What needs to be done |
Return the run of lines below that opens with the line containing "Jasotako ezagutza berrien" and closes with the line containing "鳩居堂のお線香 いかるが ミディ胡蝶蘭", keeping each one exact.

Source records |
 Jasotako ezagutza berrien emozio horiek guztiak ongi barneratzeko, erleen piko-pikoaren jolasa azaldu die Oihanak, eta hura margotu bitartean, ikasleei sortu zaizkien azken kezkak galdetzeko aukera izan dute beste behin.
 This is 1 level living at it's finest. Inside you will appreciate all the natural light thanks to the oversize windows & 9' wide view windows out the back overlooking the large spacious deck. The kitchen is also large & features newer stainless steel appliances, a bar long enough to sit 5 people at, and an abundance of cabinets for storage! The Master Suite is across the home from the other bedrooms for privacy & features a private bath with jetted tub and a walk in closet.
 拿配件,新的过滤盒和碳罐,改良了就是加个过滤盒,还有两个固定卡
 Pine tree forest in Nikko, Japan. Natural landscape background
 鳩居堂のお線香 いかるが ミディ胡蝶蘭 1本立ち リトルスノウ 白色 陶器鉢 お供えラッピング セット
--
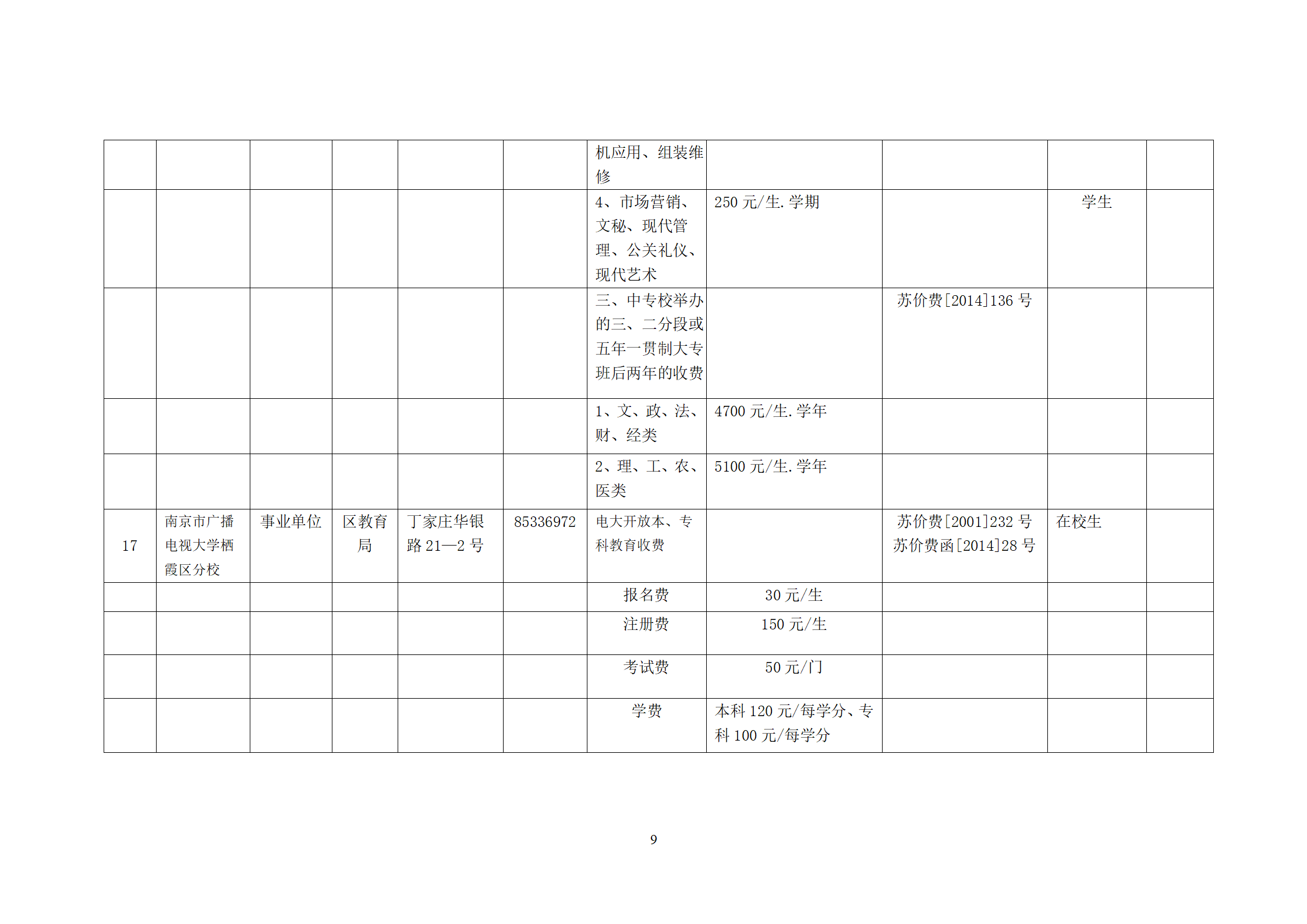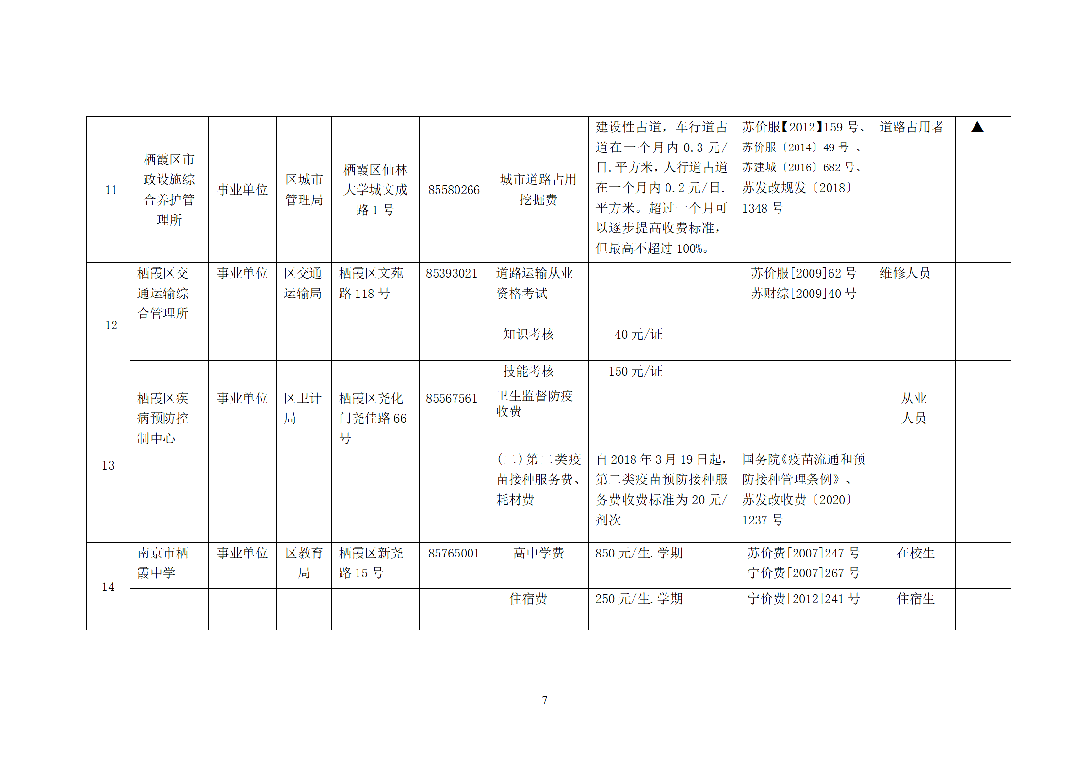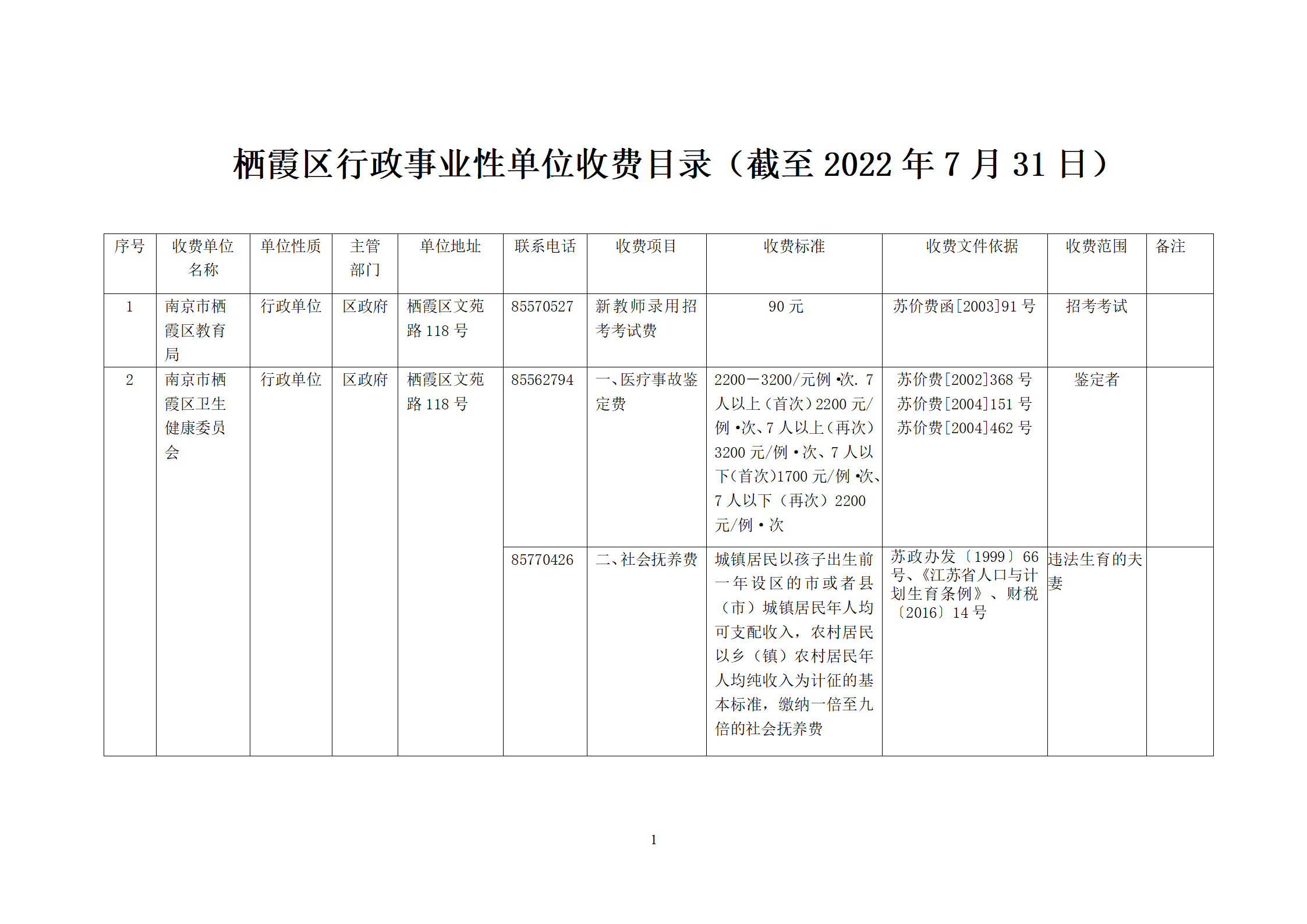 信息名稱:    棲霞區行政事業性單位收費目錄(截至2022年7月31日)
==
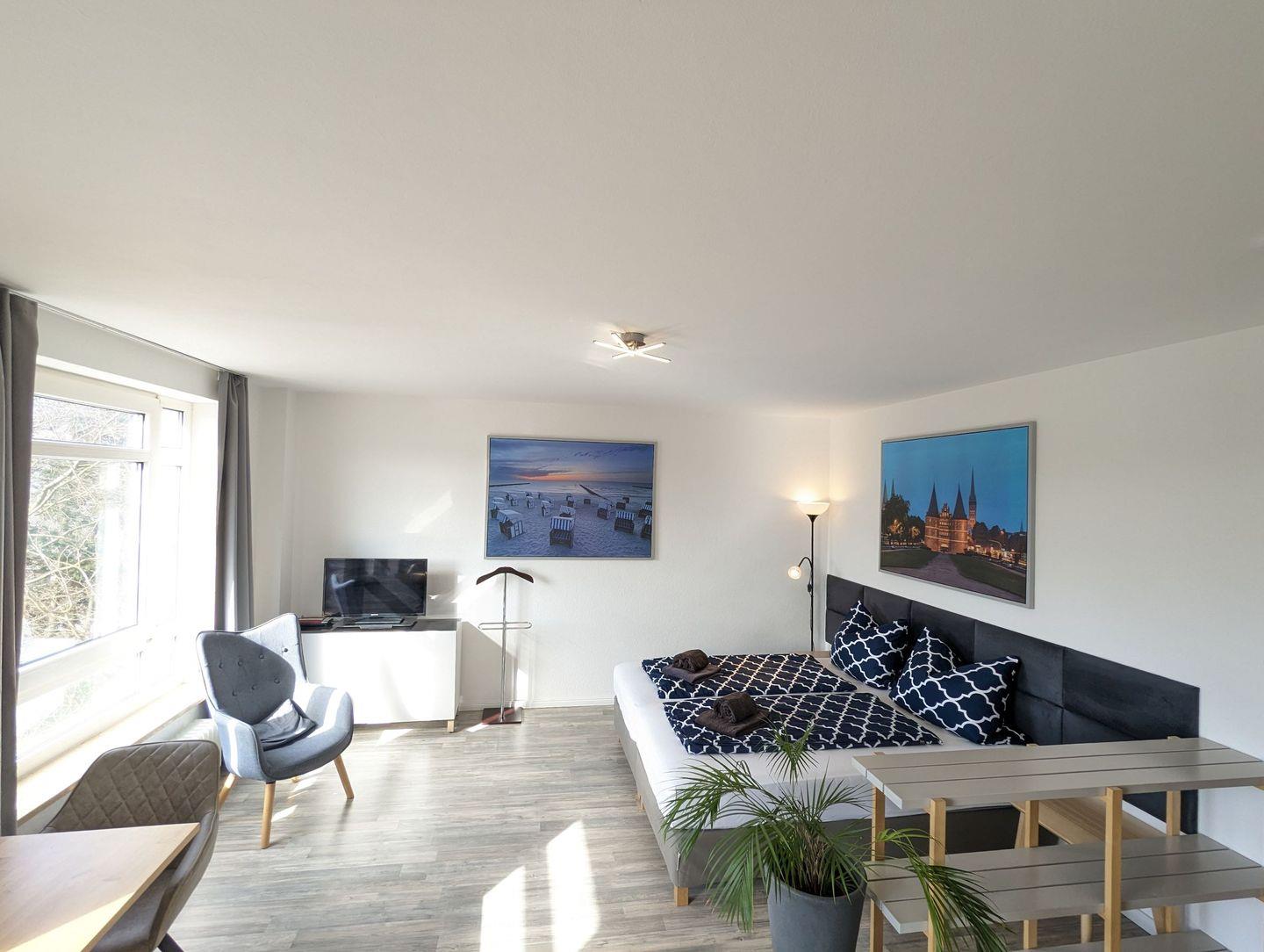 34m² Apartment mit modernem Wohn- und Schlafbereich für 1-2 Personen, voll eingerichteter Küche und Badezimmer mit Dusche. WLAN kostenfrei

Problem solution |
 Jasotako ezagutza berrien emozio horiek guztiak ongi barneratzeko, erleen piko-pikoaren jolasa azaldu die Oihanak, eta hura margotu bitartean, ikasleei sortu zaizkien azken kezkak galdetzeko aukera izan dute beste behin.
 This is 1 level living at it's finest. Inside you will appreciate all the natural light thanks to the oversize windows & 9' wide view windows out the back overlooking the large spacious deck. The kitchen is also large & features newer stainless steel appliances, a bar long enough to sit 5 people at, and an abundance of cabinets for storage! The Master Suite is across the home from the other bedrooms for privacy & features a private bath with jetted tub and a walk in closet.
 拿配件,新的过滤盒和碳罐,改良了就是加个过滤盒,还有两个固定卡
 Pine tree forest in Nikko, Japan. Natural landscape background
 鳩居堂のお線香 いかるが ミディ胡蝶蘭 1本立ち リトルスノウ 白色 陶器鉢 お供えラッピング セット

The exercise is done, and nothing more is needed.